Isabella, under the command of George Maughan left Cowes, Isle of Wight on 21 February 1833 with a general cargo and arrived at Cockburn Sound, Western Australia, on 24 July 1833.

| Year | Master | Owner | Trade | Source & notes |
|---|---|---|---|---|
| 1835 | Maughan |  |  | LR |

She left Mauritius on 25 February 1837 with two military convicts and cargo. She sailed via Hobart Town on 22 April arriving at Sydney on 6 May. No convicts died on the voyage.

Isabella sailed from Sydney for London, under the command of Captain Ryan, on 6 March 1838, with passengers and cargo. A "piratical brig" under a Spanish flag boarded her on 4 July and took a new main-top-sail, a cask of beef, and various other articles. Isabella then arrived safely at Torbay.

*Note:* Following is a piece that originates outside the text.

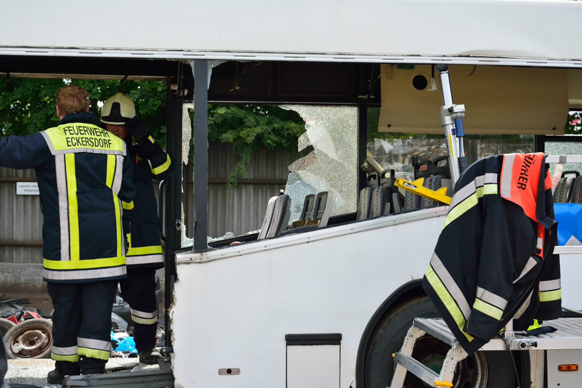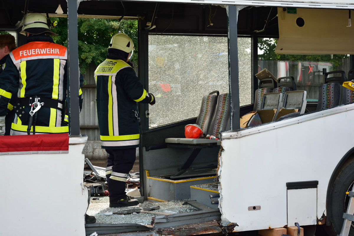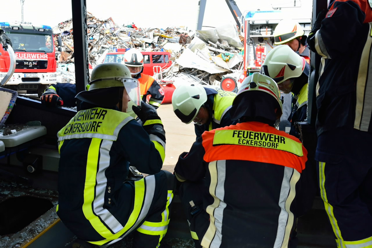 Bus zerlegt – Feuerwehren Bindlach und Eckersdorf trainieren gemeinsam
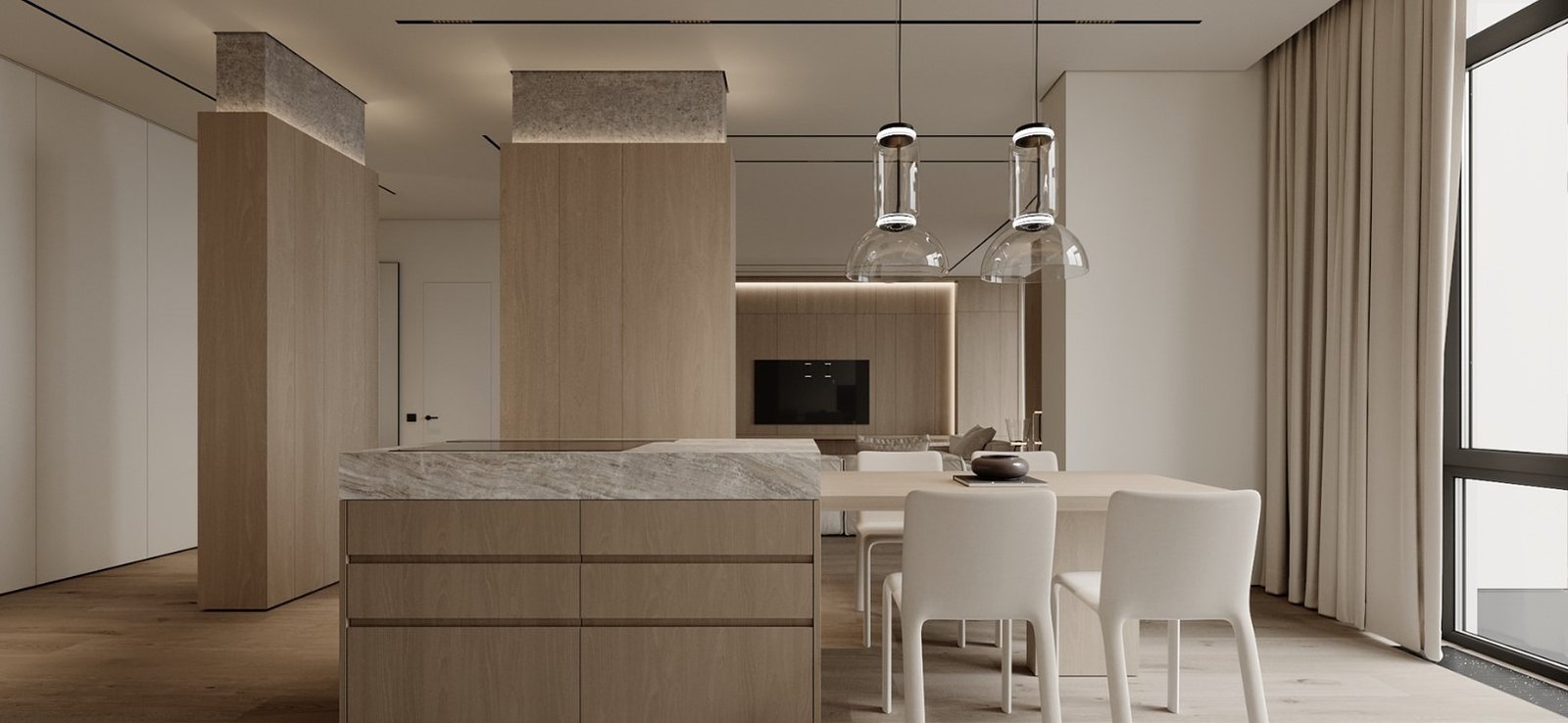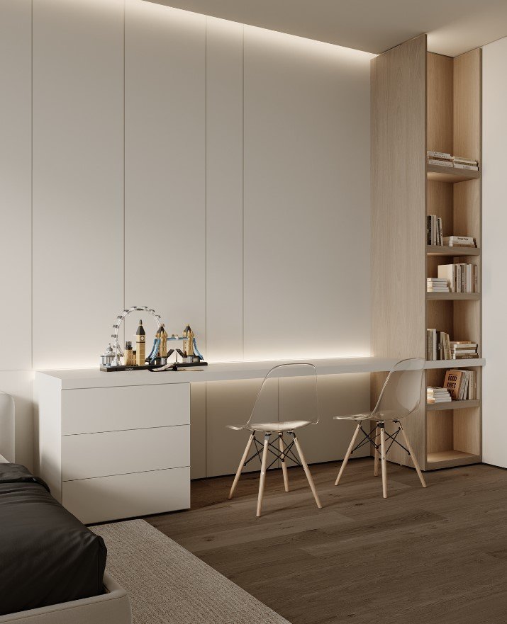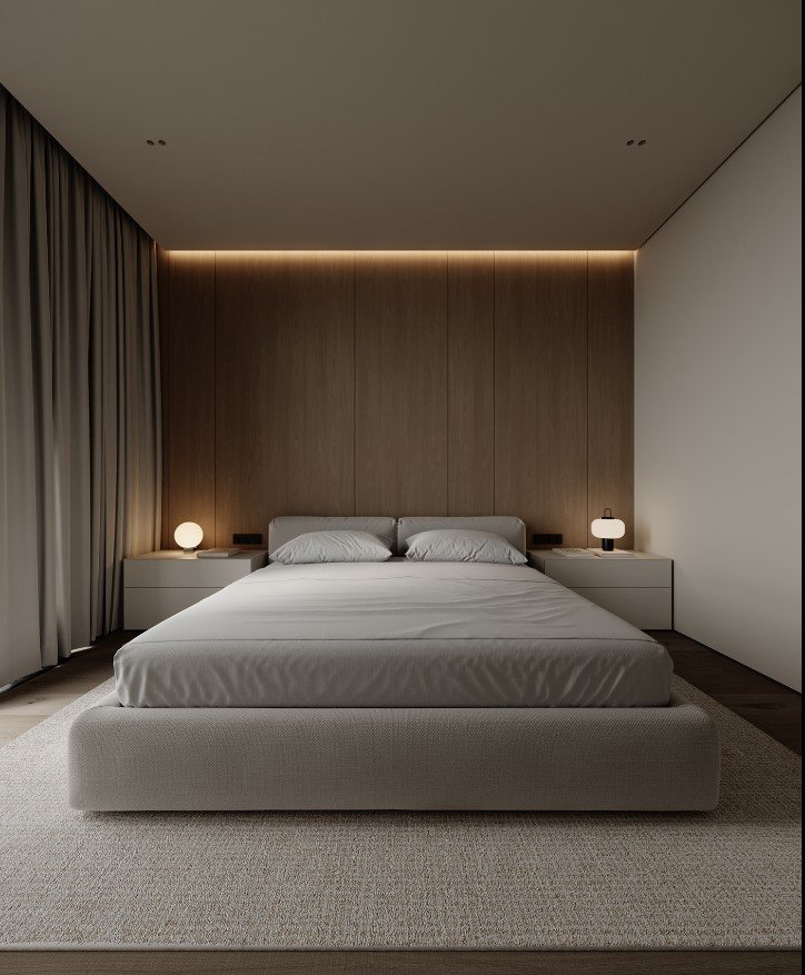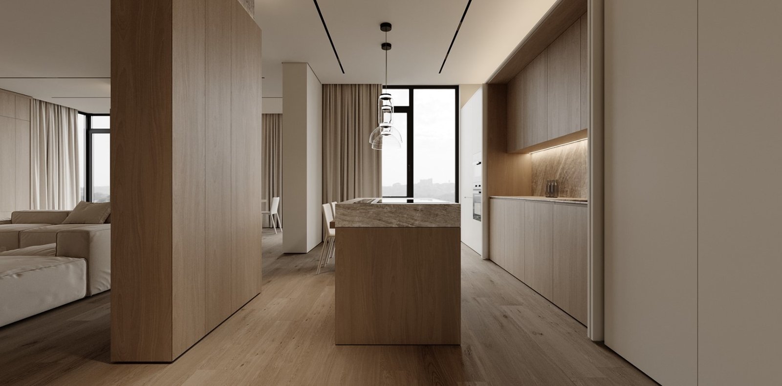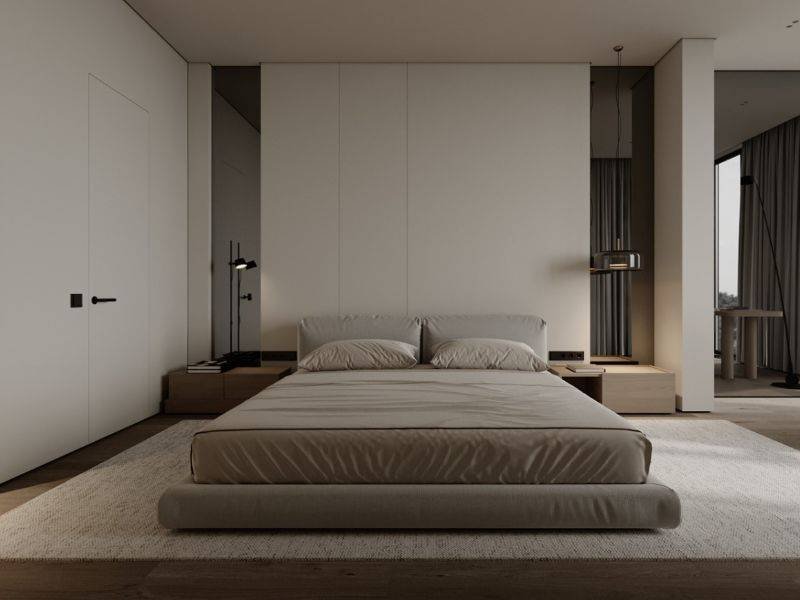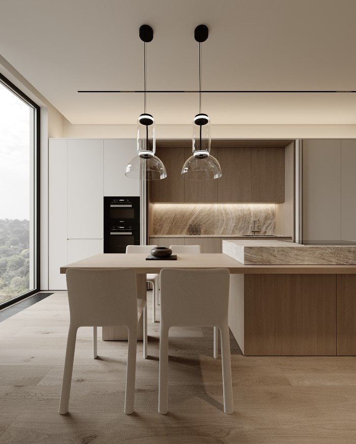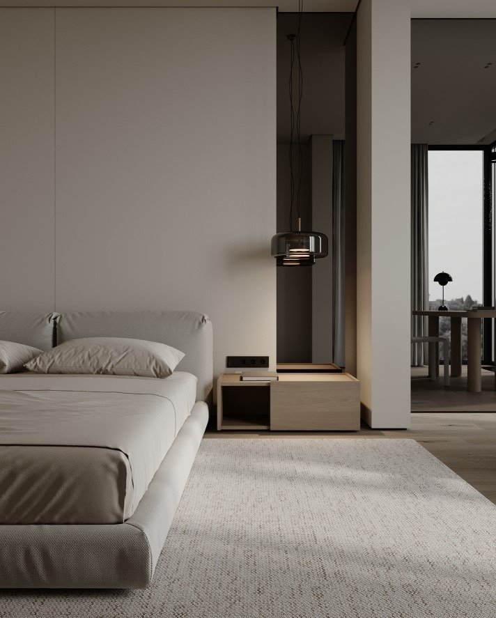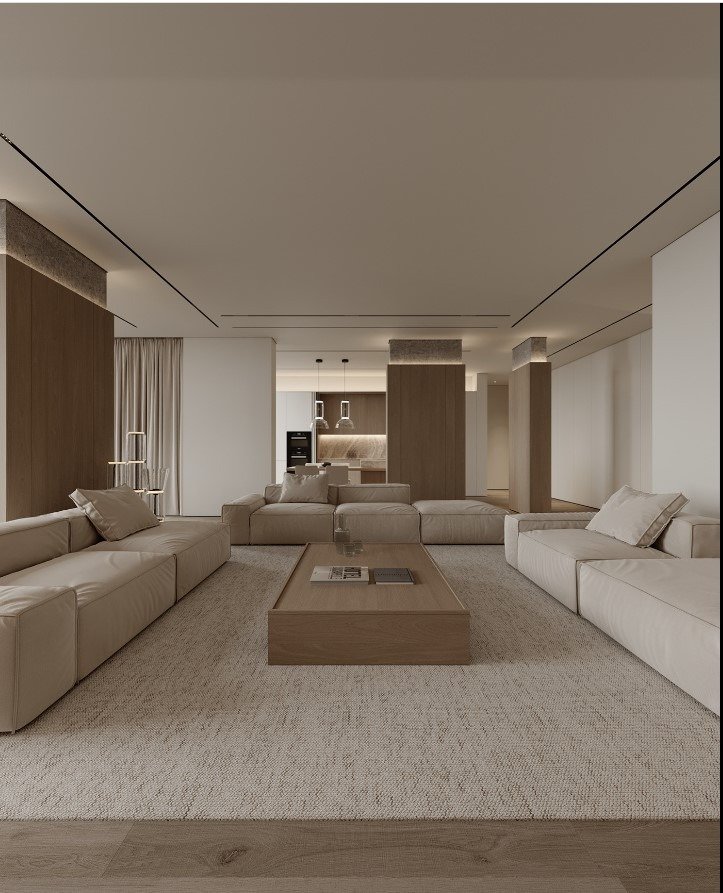 גופי התאורה נסתרים בדירה ליצירת מראה מינימלי.

| Year | Master | Owner | Trade | Source & notes |
|---|---|---|---|---|
| 1840 | Maughan L.Neve | Taylor & Co. | London–Hamburg | LR; damages repaired 1838 |
| 1845 | Le Neve | Taylor & Co. | London–Hamburg | LR; thorough repair 1841 and damages repaired 1845 |
| 1850 | Le Neve | Taylor & Co. |  | LR |
| 1855 | E.Lyle | T.S.Atkins |  | LR |

She is last listed in Lloyds Register in 1856 with E.S. Lyle, master, and T.S.Atkins, owner, and no trade.